Secondly, once you do have an audience, they'll know where to find you. You do have a website, right? If you don't have a website and rely entirely on outside social media to interact with your audience, you are doing yourself a disservice.

Don't let Leo's experience make you think nobody is listening. One thing I learned early on is that there are a large number of people who consume your content; but don't interact. You could go for months and years without having known they were there, except in your website stats; but they like your work.

A vast majority of people will not interact with you. One thing that many of the big names in social media do is post their mobile numbers on their websites. They will tell you that they hardly get phone calls from their audiences. I've experimented with that as well, putting my phone number as my website subtitle. I've had two calls in 3 years, of which I'm aware. Most people are happy to remain anonymous.

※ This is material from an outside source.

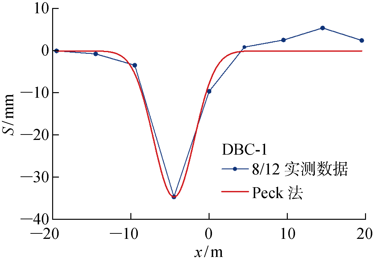 Fig.8 Transverse surface settlement of single-line pipe jacking in section DBC-1 |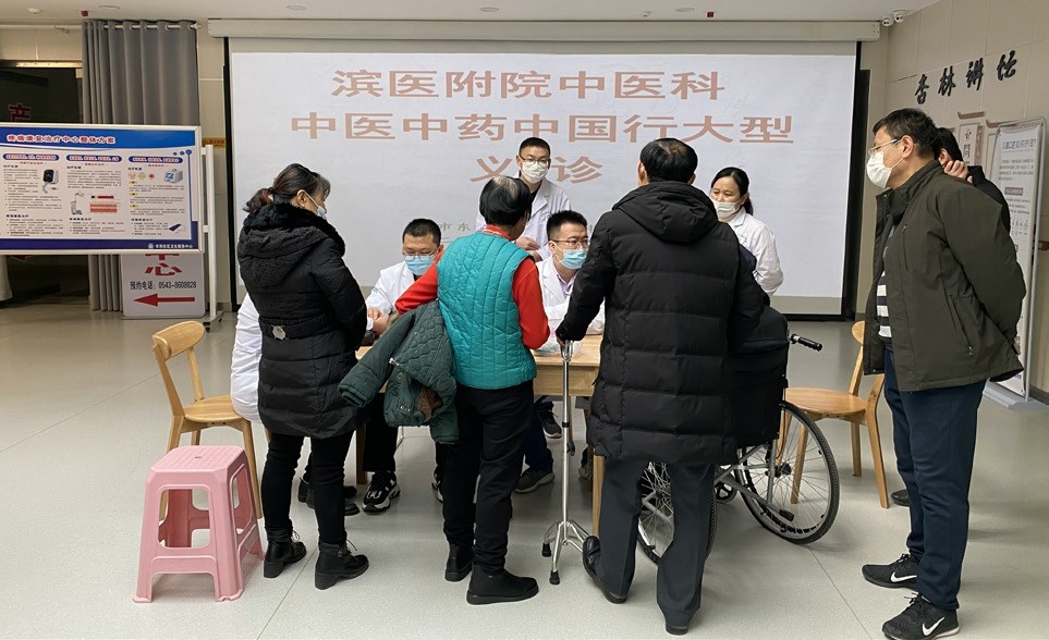 2020年12月10日上午,为加强中医药文化建设,推动中医药健康文化传播,弘扬中医药健康理念,山东省滨州市滨城区市东街道计划生育协会携手健康管理协会,联合市东社区卫生服务中心特邀请滨州医学院附属医院共同举办“中医中药中国行”大型义诊活动,让中医药惠及千家万户。 活动通知发布后,辖区的很多老年人、中年女性、育龄妇女慕名前来就诊。滨州医学院附属医院中医科知名专家前来坐诊,通过脉诊、舌诊的方式,免

I see my web stats. I have an audience. But most prefer consumption to interaction. Leo has a larger audience; but if you scale my stats up, you might see that a majority of Leo's audiences consume more than they interact too.

There are plenty of cases with hard data to show that people are listening on social media. But, you can't expect your audience to do your job of monitoring your content distribution for you. For all they know, a dropped channel was intentional. They won't take the time to notify you of something you may have done on purpose.